Дуня с Глашей особо порталами не интересовались, даже думать не могли, что удастся этим способом передвижения воспользоваться. Общее представление, благодаря урокам Николая Николаевича, имели. От него же слышали, что в планах московского генерал-губернатора имеется строительство порталов грузовых. Посмотрев на карету, Дуня пожалела, что эти планы ещё не осуществились. Она предпочла бы ездить по столице в собственном экипаже.
Когда сели в карету, Платон пожаловался, что у них с выездом беда: коляска разваливается, лошади старые. Смотрел на Дуню при этом так умильно да жалобно, что она не удержалась, призналась в том, что раньше говорить не торопилась. В том, что папенька ей и карету, и коляски со всеми лошадьми тоже отписал. Платон просиял от такой новости, но Дуня ему тут же сказала:
— В столицу экипажи пока посылать не будем. Сначала в имение съездим, в порядок приведём.

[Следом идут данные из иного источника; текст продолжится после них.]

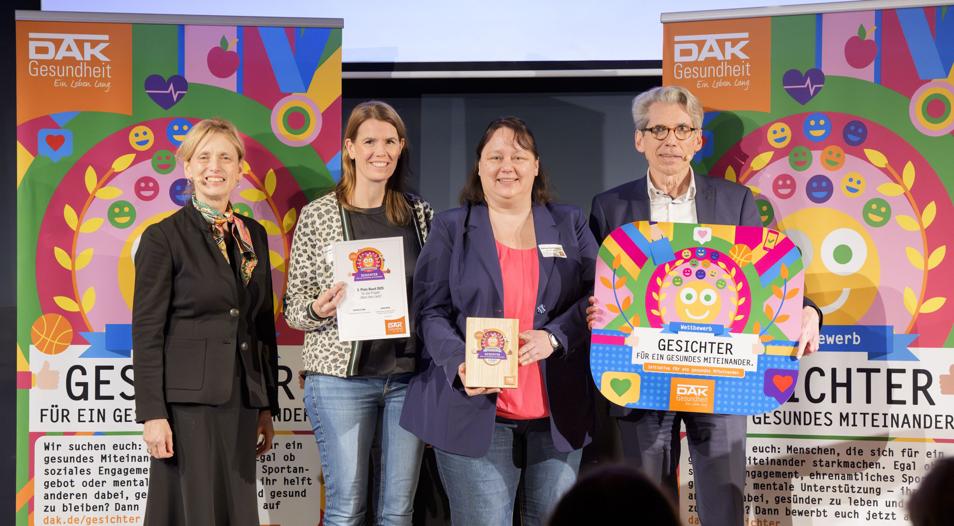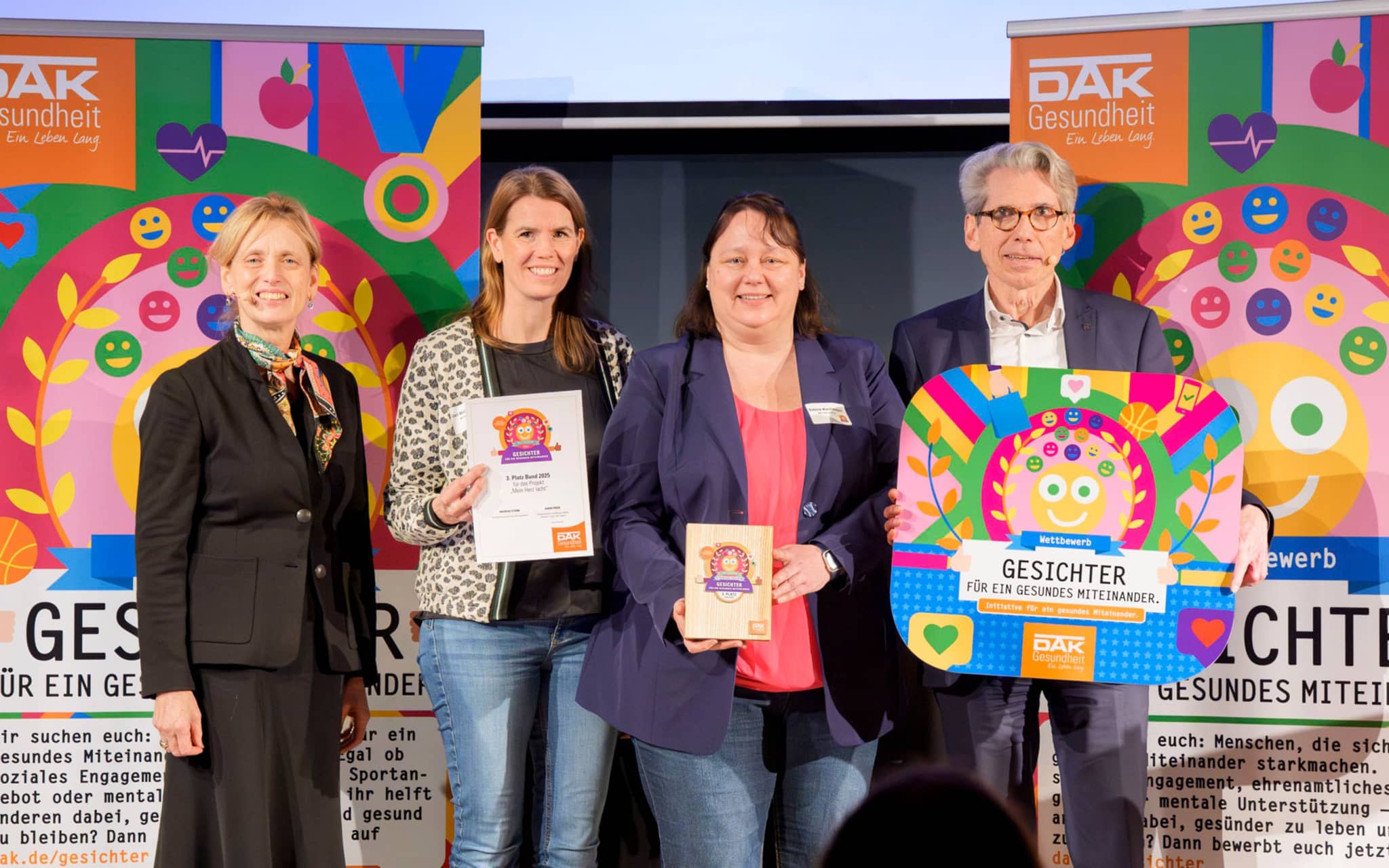 Der Bundessieg beim DAK-Wettbewerb „Gesichter für ein gesundes Miteinander“ ging an Dorothee van den Borre aus Nordrhein-Westfalen. Ihr Projekt „Clowns gegen Einsamkeit“ kümmert sich mit Humor um einsame, ältere Menschen in Pflegeheimen – und stärkt zugleich die Kinder und Jugendlichen selbst. Das Projekt erhält ein Fördergeld von 3.000 Euro. Der mit 2.000 Euro dotierte zweite Platz ging an „Pfoten weg!“ e. V.“ nach Schleswig-Holstein, das von Irmi Wette eingereicht wurde. Es stärkt seit über 20 Jahren Kinder in ihrem Selbstbewusstsein, indem sie lernen, „Nein“ zu sagen und sich Hilfe zu holen, wenn es nötig ist. Den mit 1.000 Euro dotierten Sonderpreis Pflege gewann die „Alzheimer Gesellschaft“ aus Niedersachsen, die Menschen mit Demenz während Klinikaufenthalten begleitet. Die Fördergelder werden den Gewinnerinnen und Gewinnern zur Weiterentwicklung ihrer Projekte zur Verfügung gestellt.

Платон при этой новости скривился, стал намекать, что именье и подождать может, но Дуня оставалась непреклонна. Как истинная дочь своего отца, считала, поначалу дела делать надобно, а после всё остальное. Не зря в народе говорили: делу время, потехе час. Платон вновь решил на жалость надавить.
— Дуня, — протянул он, — в Императорском Малом у Казасси скоро закрытие сезона, а маменька с тётушками новый их балет не успели посмотреть. Да и в салоны давно не ходили, а ведь скоро многие из высшего света разъедутся на лето.
Дуня с интересом посмотрела на мужа. Только что, сам того не подозревая, он подкинул ей одну очень занятную идею.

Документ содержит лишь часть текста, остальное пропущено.